### Exercise requirements
The answer must be an exact reprint of the lines from the one with "original artwork an" through the final line of the data, with no pictures included.

### Input data
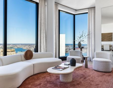 Live above the city at The Ritz-Carlton Residences, South Station Tower. Located within the reimagined South Station district connecting Fort Point to the Greenway, this spectacular corner residence sits approximately 650 feet above Boston and offers sweeping views over Downtown and the Seaport. The 1,805 SF home features three bedrooms and three-and-a-half baths, with an expansive living and dining area framed by floor-to-ceiling windows. The chef’s kitchen is appointed with custom marble countertops, designer appliances, and integrated wine storage. Residents enjoy legendary Ritz-Carlton services and access to an exceptional collection of amenities, including a state-of-the-art fitness center with treatment rooms and saunas, two outdoor terraces, a chef’s kitchen, a 72-foot outdoor swimming pool with Back Bay views, a dramatic double-height library lounge with fireplace, and a game room with sports simulator and bar—perfect for entertaining.
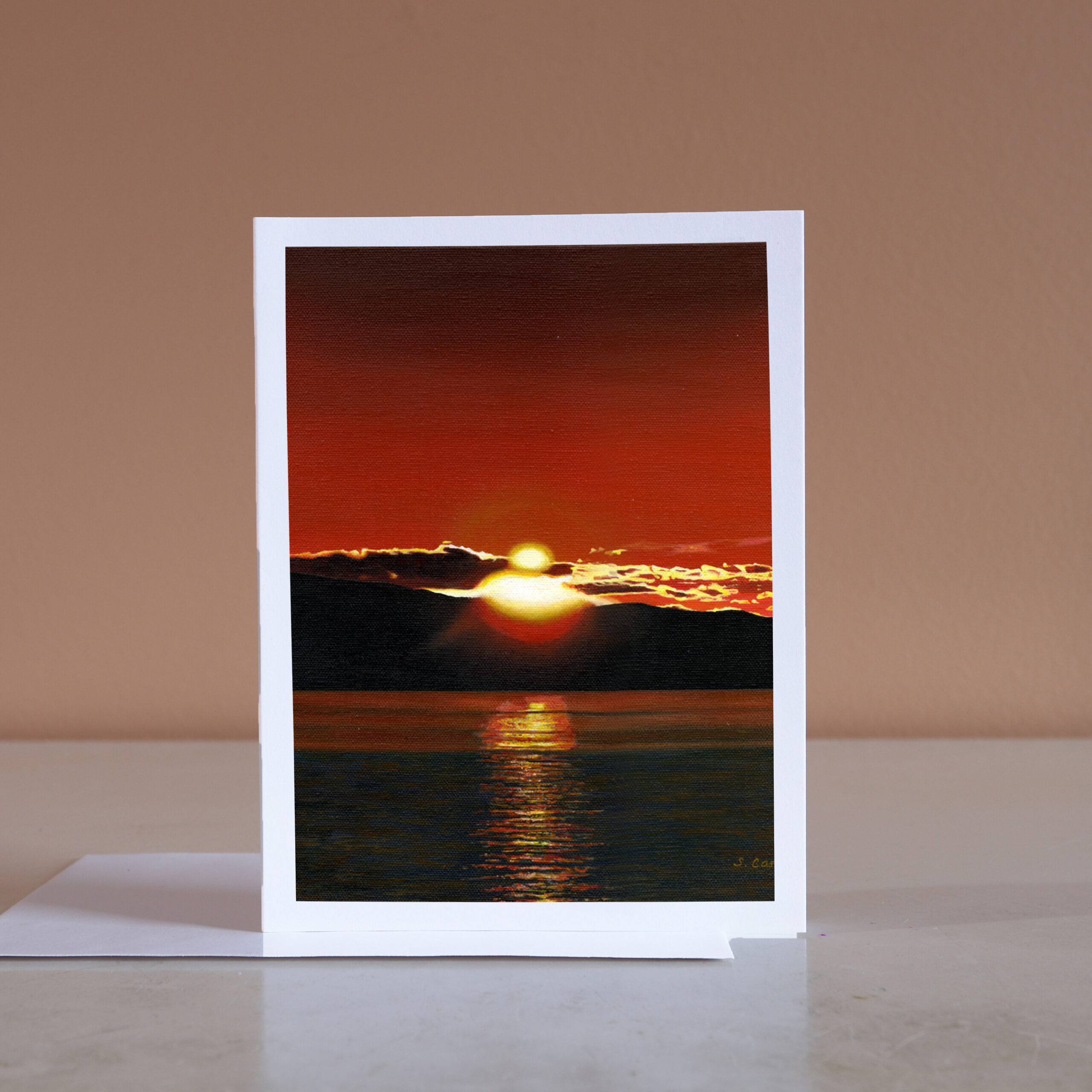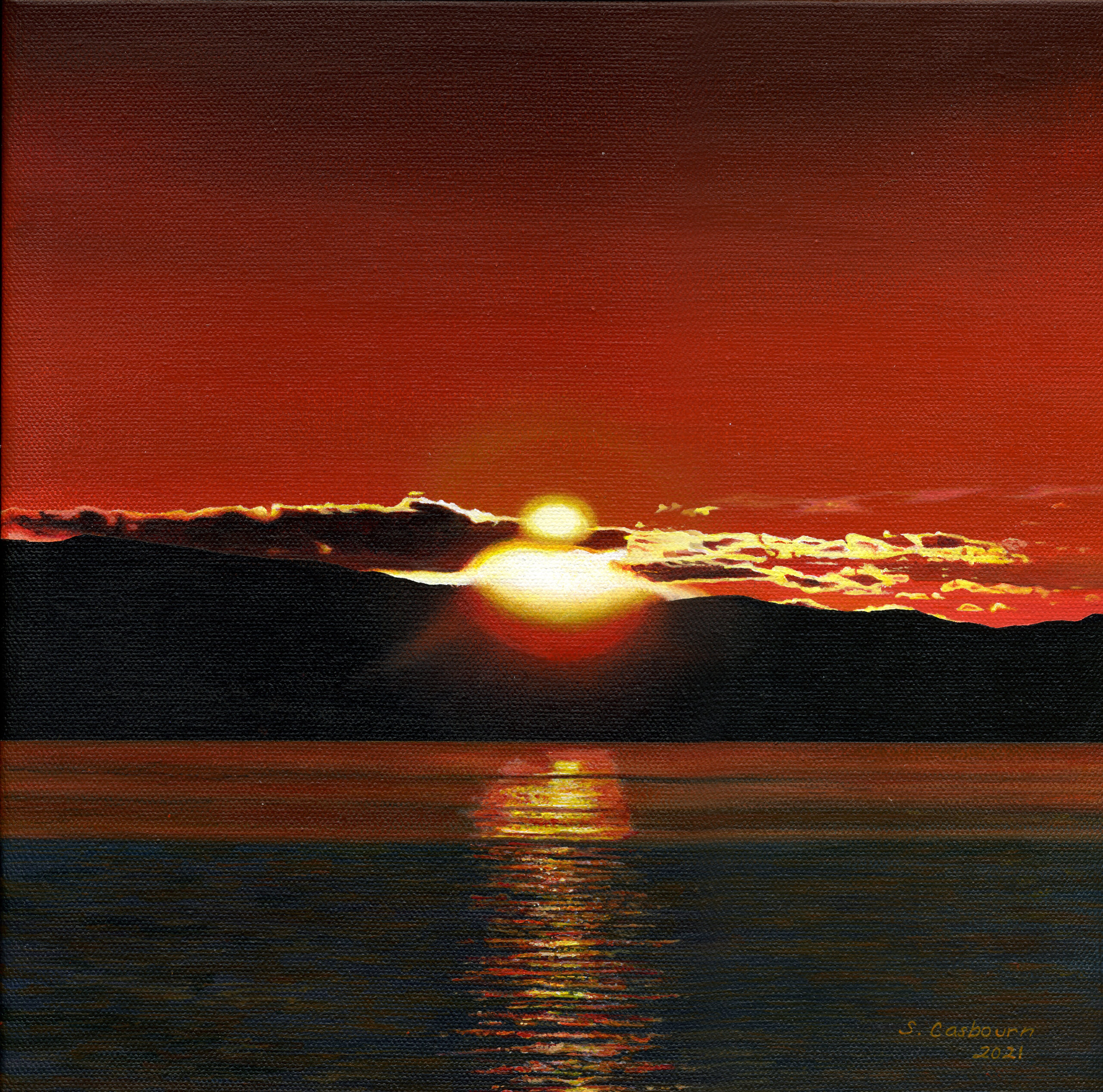 original artwork an acrylic painting of a fiery sunset over the St. Lawrence River
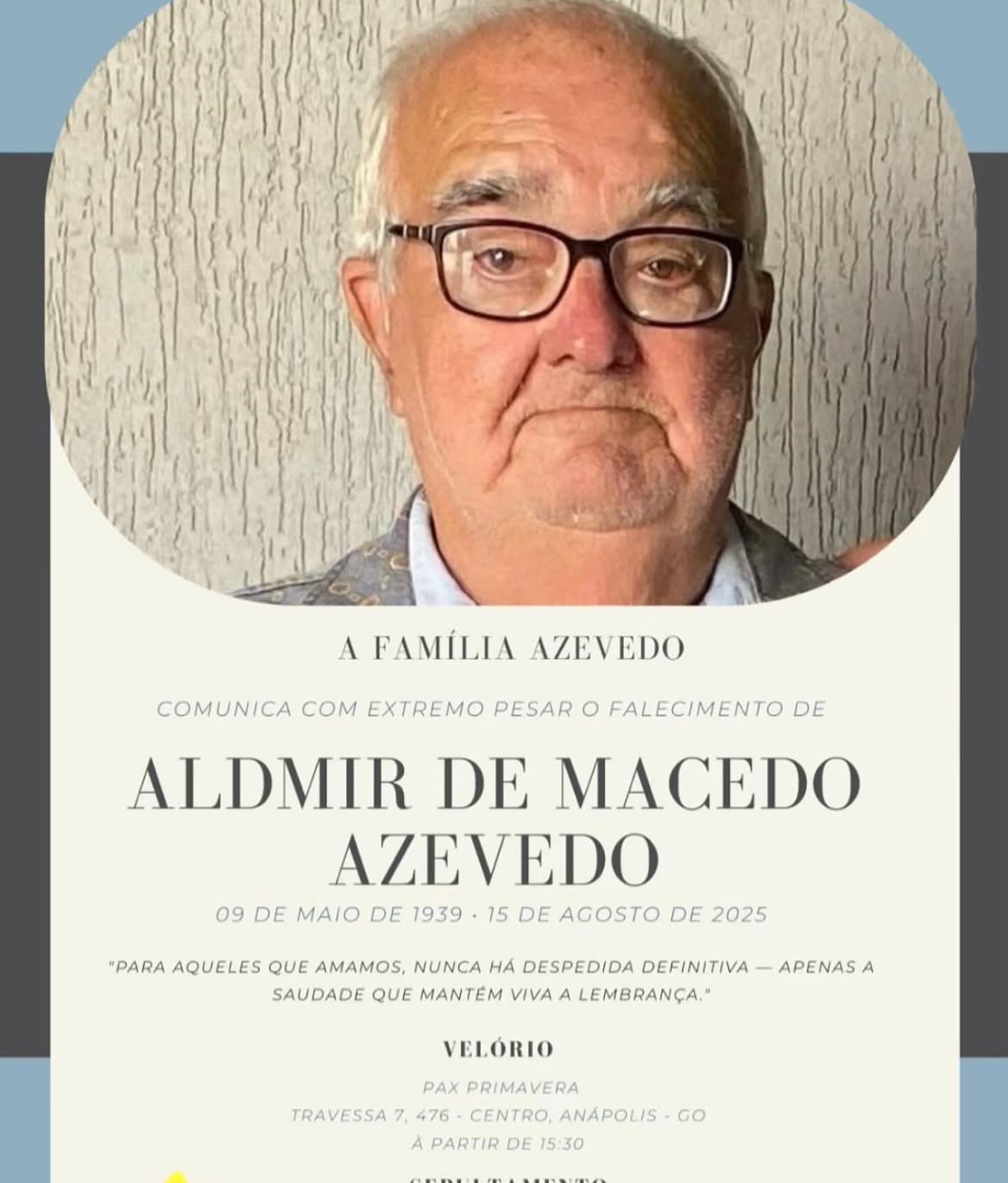 Com pesar, informamos o falecimento do Sr. Aldemir, ex-diretor da CIRETRAN de Anápolis. Pai do meu Amigo Dr. Alberto Azevedo.

### Response to the task
 original artwork an acrylic painting of a fiery sunset over the St. Lawrence River
 Com pesar, informamos o falecimento do Sr. Aldemir, ex-diretor da CIRETRAN de Anápolis. Pai do meu Amigo Dr. Alberto Azevedo.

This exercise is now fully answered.